Добавить в цитаты Настройки чтения

Страница 38 из 42

Потом все представилось ему в ином свете. Дело вовсе не в том, чего он хочет, а в том, что они могли бы ему предложить. Только этим все и определяется. Так чего же он может от них ждать? Ему вдруг стало не по себе от их вопроса, от того, как он был задан, от заключенного в нем непонимания его положения. Да кем же, в конце концов, они считают себя, эти господа, и чего, по их мнению, может он от них ждать? Уж не кажется ли им, что он попросит стаканчик мороженого? Или какую-нибудь интересную книгу? Или захочет посидеть у костра или послушать, как мурлычет кот? Не воображают ли они, что ему приспичило пойти в кино, а затем в кафе — освежиться холодным лимонадом? Или взять несколько уроков танца, или заполучить бинокль, или, на удивление друзьям, пройти курс игры на фортепиано?
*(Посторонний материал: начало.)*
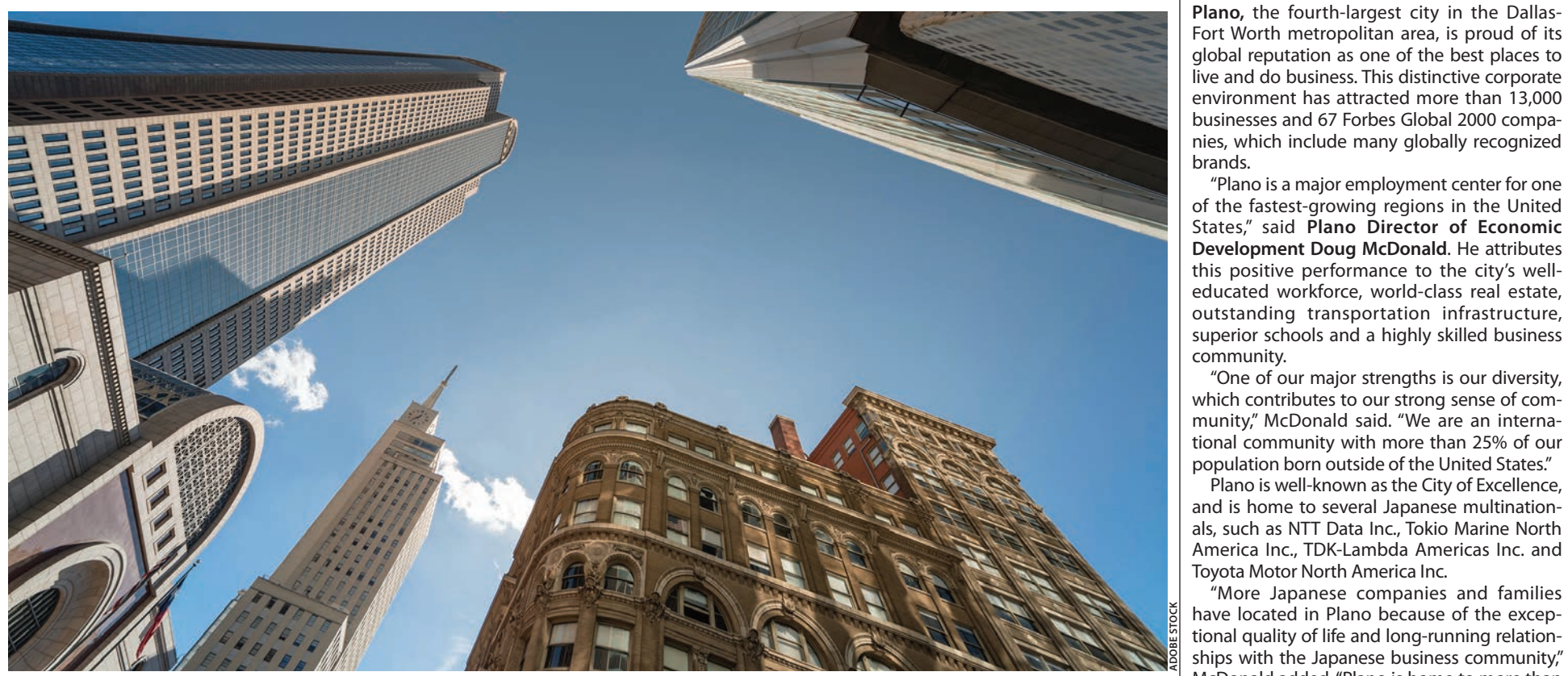
Everything is looking up in Texas. Over the past decade, foreign multinationals and international investors have moved to the state, having found the right conditions to grow their businesses for many years to come.

thriving workforce, expanding economic diversity, and increasing economic growth have made Texas one of the leading destinations for foreign direct investment in the United States, with the bulk of it coming from Japan.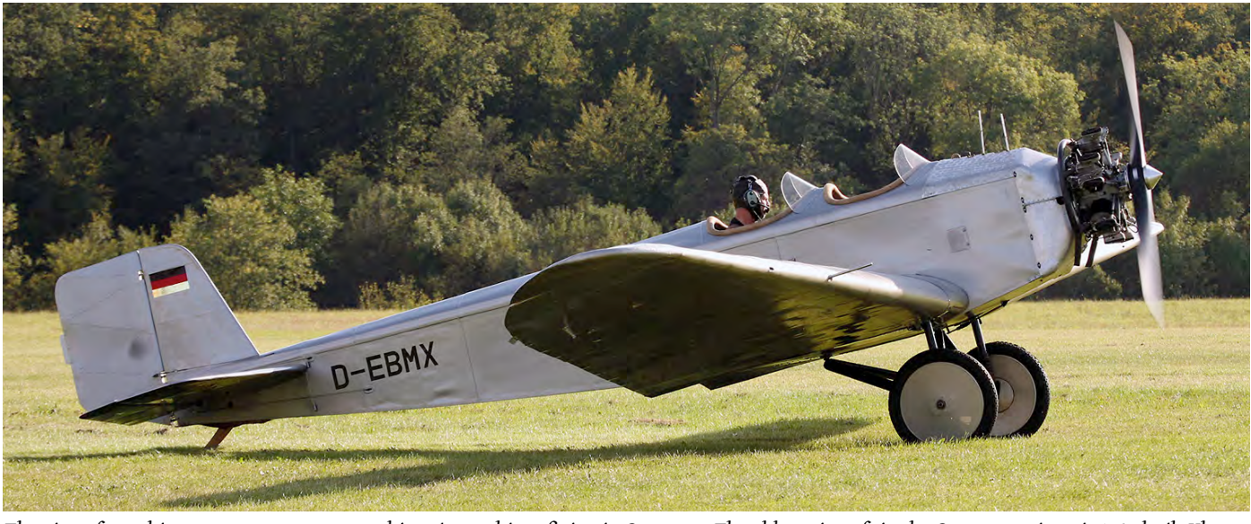
The aircraft on this page represent pre-war historic machines flying in Germany. The oldest aircraft in the German register is 1927 built Klemm L.25 D-EBMX. It is owned by Ulf Siegert of Ampfing. (All three 14 September 2019, Hahnweide, Ad Jan Altevogt)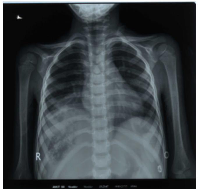
Figure 1: X-ray showing a hypodense lesion in the right upper abdomen

Sonography of the abdomen revealed a collection of varying echogenicity below the right dome of the diaphragm and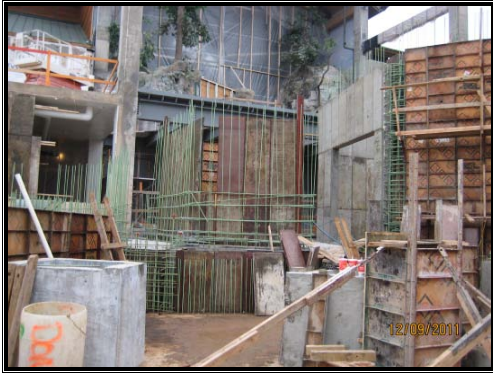
Waterfall Pit Wall Forms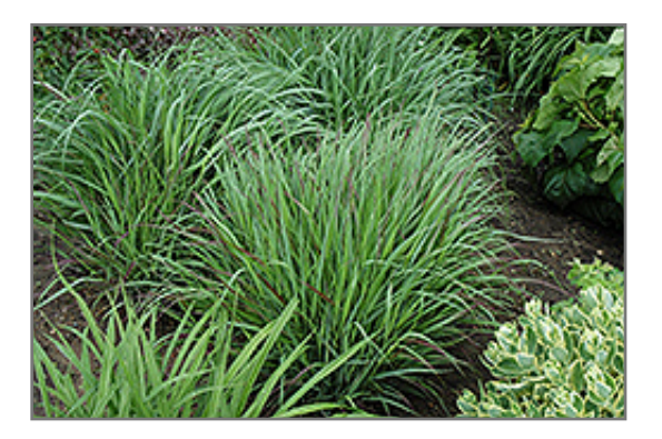
Cheyenne Sky Switch Grass

Cheyenne Sky Switch Grass will grow to be about 24 inches tall at maturity extending to 3 feet tall with the flowers, with a spread of 24 inches. It tends to be leggy, with a typical clearance of 1 foot from the ground, and should be underplanted with lower-growing perennials. It grows at a medium rate, and under ideal conditions can be expected to live for approximately 15 years. As an herbaceous perennial, this plant will usually die back to the crown each winter, and will regrow from the base each spring. Be careful not to disturb the crown in late winter when it may not be readily seen!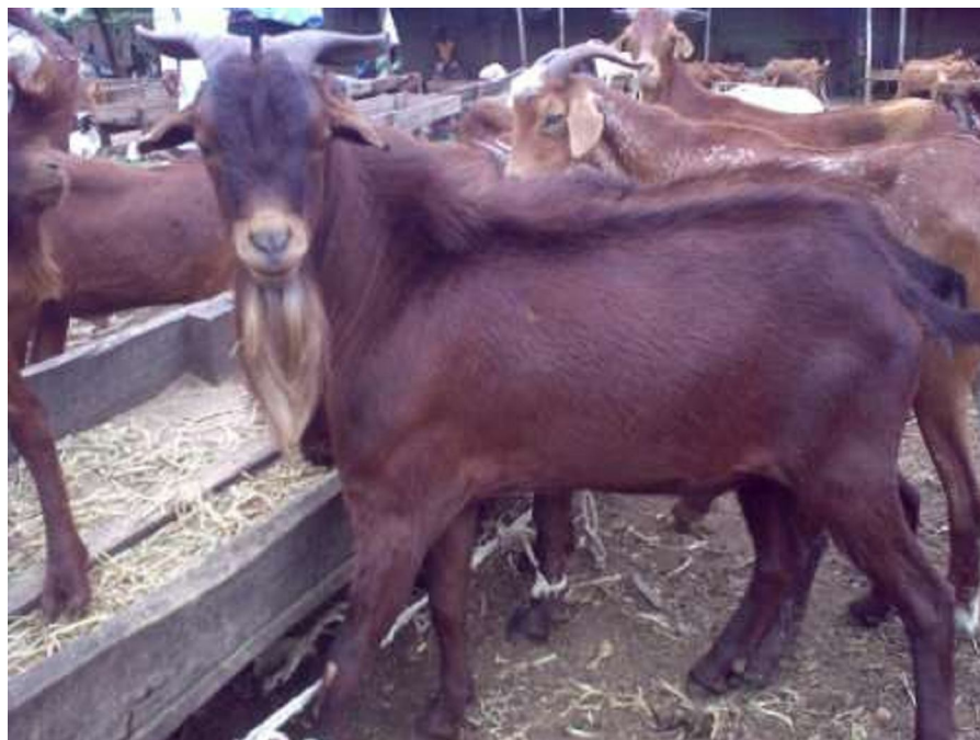
Plate 1. Maradi goats

One hundred and thirty eight unrelated individual goats from two different breeds: Maradi (Mar) a Northern breed, West African Dwarf (WAD) a Southern (Forest zone) breed and crossbreeds of both were used to estimate the allelic frequencies of each microsatellite.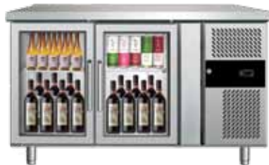
EGN 2100 CG

Может, они решили, что ему не терпится надеть новый костюм или шелковую рубашку? Может, ожидают от него жалоб на слишком жесткую постель или просьбы дать ему стакан воды. Может, ожидают требования изменить диету, — мол, кофе, который вы влили в меня последний раз через трубку, недостаточно подслащен, несколько даже горчит, и я это ощутил всеми своими внутренностями, а поэтому, попрошу вас, кладите в него побольше сахару и хорошенько размешивайте. Соус к азу слишком жидкий, кроме того, не мешало бы его посолить. И еще мне, пожалуй, хочется пососать тянучку. В следующий раз, когда будете меня кормить через трубку, дайте мне тянучку, только не слишком сладкую, с небольшой добавкой шоколада, слегка подогретую и мягкую. Все эти годы я, видите ли, мечтал о тянучке, только ради нее месяцами бился головой о подушку, чтобы вы поняли, наконец: больше всего на свете я люблю тянучки.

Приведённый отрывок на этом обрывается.